Would you transcribe the records below from the line with "El Programa de" to the line with "It is here—among", ends included, exactly and with nothing more, leaving the pictures out?
──────── Supplied entries ────────
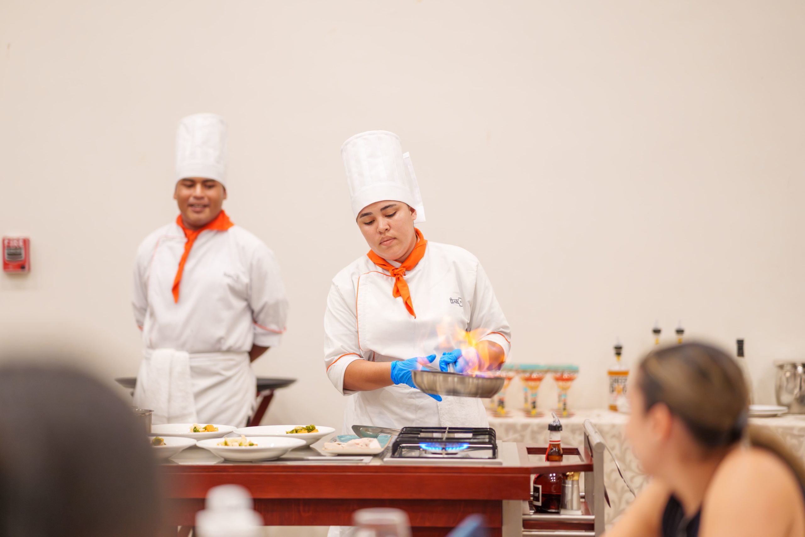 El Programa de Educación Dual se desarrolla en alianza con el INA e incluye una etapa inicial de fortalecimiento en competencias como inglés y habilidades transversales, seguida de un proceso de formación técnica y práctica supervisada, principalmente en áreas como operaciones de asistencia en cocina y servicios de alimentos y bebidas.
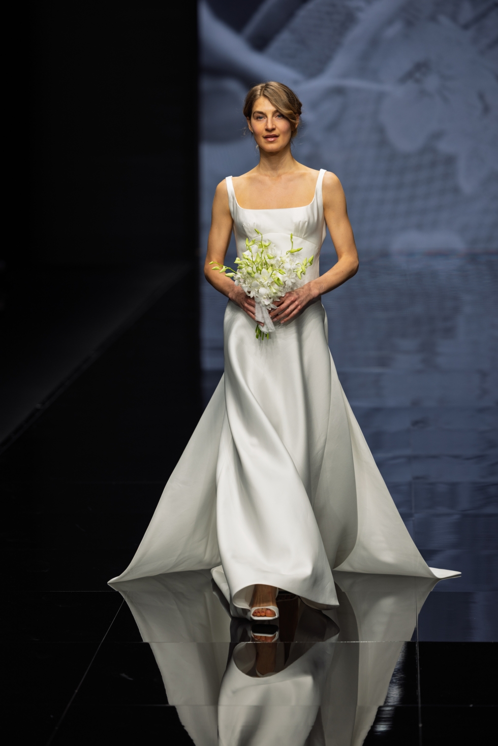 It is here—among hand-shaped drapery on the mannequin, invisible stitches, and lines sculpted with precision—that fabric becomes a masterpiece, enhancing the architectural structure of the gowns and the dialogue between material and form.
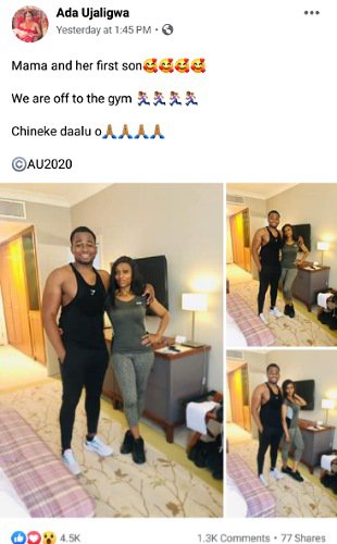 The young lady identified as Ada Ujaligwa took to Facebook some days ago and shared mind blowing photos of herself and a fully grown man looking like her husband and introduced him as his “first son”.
────────
──────── Supplied entries ────────
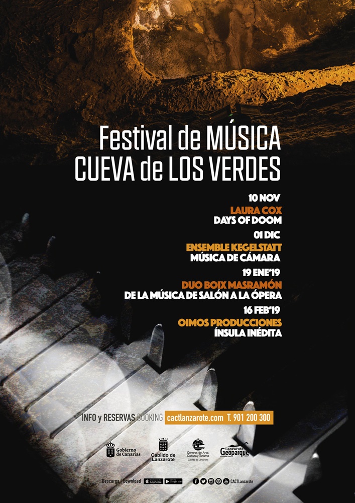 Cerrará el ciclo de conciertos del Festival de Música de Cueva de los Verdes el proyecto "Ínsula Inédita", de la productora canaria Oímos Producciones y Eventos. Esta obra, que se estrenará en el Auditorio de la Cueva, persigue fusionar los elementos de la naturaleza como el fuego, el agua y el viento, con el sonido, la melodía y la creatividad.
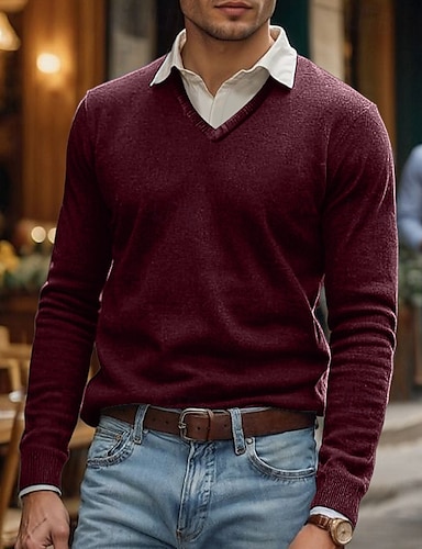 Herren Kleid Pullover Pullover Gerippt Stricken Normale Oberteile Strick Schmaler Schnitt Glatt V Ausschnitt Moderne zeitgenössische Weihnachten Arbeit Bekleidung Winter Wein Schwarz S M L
────────
◆ Response below:
 El Programa de Educación Dual se desarrolla en alianza con el INA e incluye una etapa inicial de fortalecimiento en competencias como inglés y habilidades transversales, seguida de un proceso de formación técnica y práctica supervisada, principalmente en áreas como operaciones de asistencia en cocina y servicios de alimentos y bebidas.
 It is here—among hand-shaped drapery on the mannequin, invisible stitches, and lines sculpted with precision—that fabric becomes a masterpiece, enhancing the architectural structure of the gowns and the dialogue between material and form.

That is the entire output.